The problem is, your custom "split" process is leaving spaces within the text, so, if were to enter ._ _... _._. _.., the array would be split into...
" _...", " _._."
Which is wrong on two accounts, one, it's missing stuff I entered and two, it's leaving the leading space character in the String, so when you try and compare the Strings in the switch statement, you are actually trying to do something like...
"_...".equals(" _...")
Which will fail...
To start with, this "manual" splitting code...
char[] array = container.toCharArray();
int count = 0;
for (int i = 0; i < array.length; i++) {
if (array[i] == ' ') {
count++;
}
}
// count counts the number of times a space appears
System.out.println(count);
int[] array2 = new int[count];
int counter = 0;
for (int i = 0; i < array.length; i++) {
if (array[i] == ' ') {
array2[counter] = i;
counter++;
}
}
// array2 assigns the indexes of spaces to its members
System.out.println(counter);
String[] array3 = new String[array2.length - 1];
for (int i = 0; i < array3.length; i++) {
array3[i] = container.substring(array2[i], array2[i + 1]);
}
// array3 creates substrings based on these spaces
System.out.println(array3[1]);
System.out.println(array3[0]);
Should be replaced with...
String[] array3 = container.split(" ");
As I, frankly, have no idea what it's trying to achieve and it breaks if there is less than 4 "codes" on the input String and doesn't correctly parse the input anyway (throwing away values)

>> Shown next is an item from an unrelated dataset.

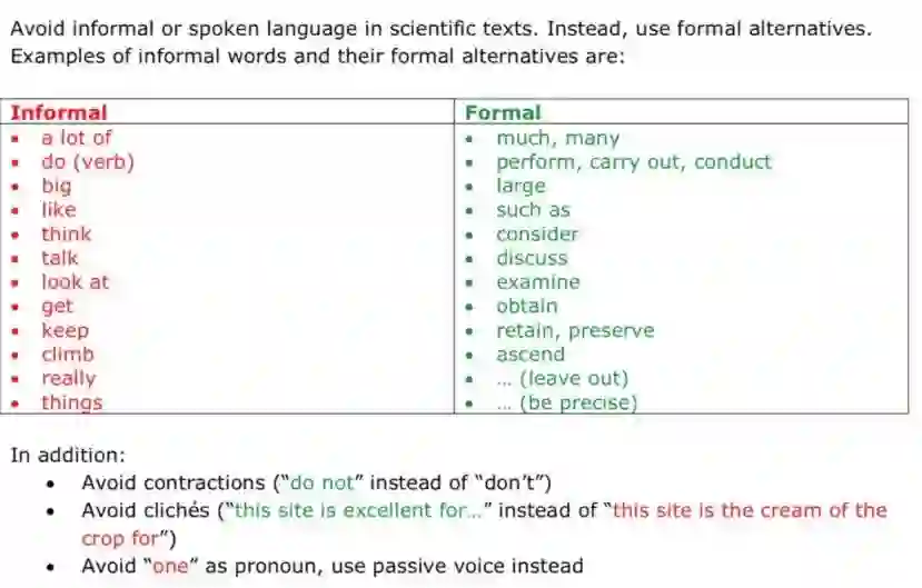 此外,要使用英语词汇习惯的正式用法,避免缩写等(如下图)。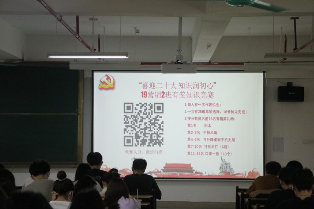 本次活动内容丰富,形式繁多。19营销2班和21电商2班的同学们开展了主题为“喜迎二十大,知识润初心”的有奖知识竞赛。以竞赛的方式,在结合社会主义核心价值观的基础上,深入学习党史、团史、以及党与团的纪律制度。结束比赛后,同学们反响热烈,纷纷表明了希望尽自己最大的努力建设美丽中国和奉献自我服务人民的远大理想。

Your splitting code is leaving leading space characters which cause them to not correctly match. You should instead be using a version of String.split in order to produce your array3. This will create the correct substrings with a lot less work.
Edit:
Your splitting code also appears to leave off the first and last morse codes which is why you get ArrayIndexOutOfBoundsExceptions when you input less than 4.

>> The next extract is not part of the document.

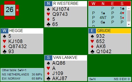I lagbridge handler det ofte om å melde de rette slemmene. I spillet under kom Nederland bare i utgang, mens Eide- Ellingsen meldte seg lett fram til 6hj. Du ser ikke starten av meldingsforløpet, men det gikk 1hj-2ru-2hj-3hj-3sp fram til Kristian Barstad Ellingsen meldte 3NT ("Jeg er interesssert enda"). Harald var flink når han tok opp enda en gang . Slike slemmer ser veldig lett ut å melde etterpå, men selv om vest har fine honnører er det en tam hånd han har, I første sesjon gikk den ene Nederlenderen amokk og skulle teste gliden. Hadde dette gått bra, ville han hatt et gedigent mentalt overtak. Han gikk fortjent to dobla beiter og masse IMP ut mot 420 norske poeng på det andre bordet. Så løp Hegge - Grude seg inn i et systemhull jeg tror de deler med mange av oss andre. Over 3kl ønsker Kristoffer å komme med en mild sleminvitt i kløver. Han har bare 13 hp, men fine kort hvis de passer med makker sine. Problemet er at 3kl over 2ru vil være spørsmål om videre fordeling og det vil ikke gjøre han så mye klokere, i alle fall hvis han ikke får minst firekort kløver i svar. Derfor hoppa han bare til 3NT. Nederland meldte og vant 6kl. Slik det sitter, spiller ikke den kontrakten seg selv med f.eks et rødt kort ut fra vest. Det er ikke verre enn at etter to ganger trumf, må spillefører passe på å spille spar mot ED to ganger sånn at ikke en honnør blir stjålet, fordi da kan øst spille sin fjerde trumf og syd ble hengende med en spartaper. Så var Norge litt heldige når øst meldte inn sparen sin. Da fant vi heldigvis ikke 4-4 i spar, men havna i 5ru i stedet. 4sp kunne ikke vinnes med 5-0 sitsen, men i ruterkontrakt forsvant det små spar på hjerteren: Så kom enda en slem der Norge meldte bra. Det virker som 3sp viser begge minor og da betyr 4kl fra Kristoffer at han har hjerterfarge. Over 5ru gir han makker muligheten til å velge slem med 5NT. Gi Øst en hjerter mer og en spar mindre, så vil de komme i 6hj. På det andre bordet ble Nederland også presset sånn at de kom i hjerterslemmen. Med to ganger ruter i utspill, vokste det fram et hjerterstikk i nord. :-) Nederland kan også melde og blåste ut i denne 25 hp-slemmen i spar. Norge var på vei, men stoppa på 5-trinnet. Denne kontrakten spiller heller ikke seg selv med EK i ruter ut, men det ble tolv stikk på begge bord.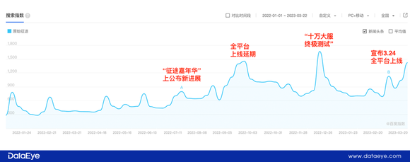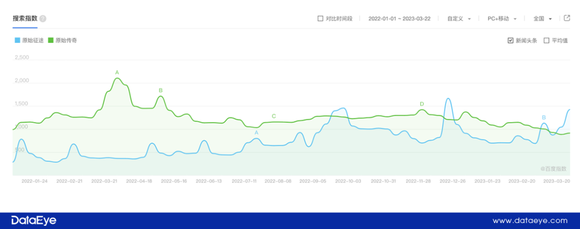 百度指数显示,2022年以来(截至23号),关键词“原始征途”搜索热度一直不低,一些时候甚至能超过贪玩已经上线的“原始传奇”关键词。且“原始征途”每隔2-3个月会有一次峰值。热度主要由于①游戏新动向②测试节点。

From looking at the code you've got too many } curly braces. You only need one of those at the end of the switch statement.
case ("._"):
{System.out.println("a");
break;
case "_...":
{System.out.println("b");
break;
case "_._.":
{System.out.println("c");
break;
case "_..":
{System.out.println("d ");
break;
}
It should work. My assumption is of course that your problem is that your code doesn't compile. Which I'm pretty sure that the code you posted won't do.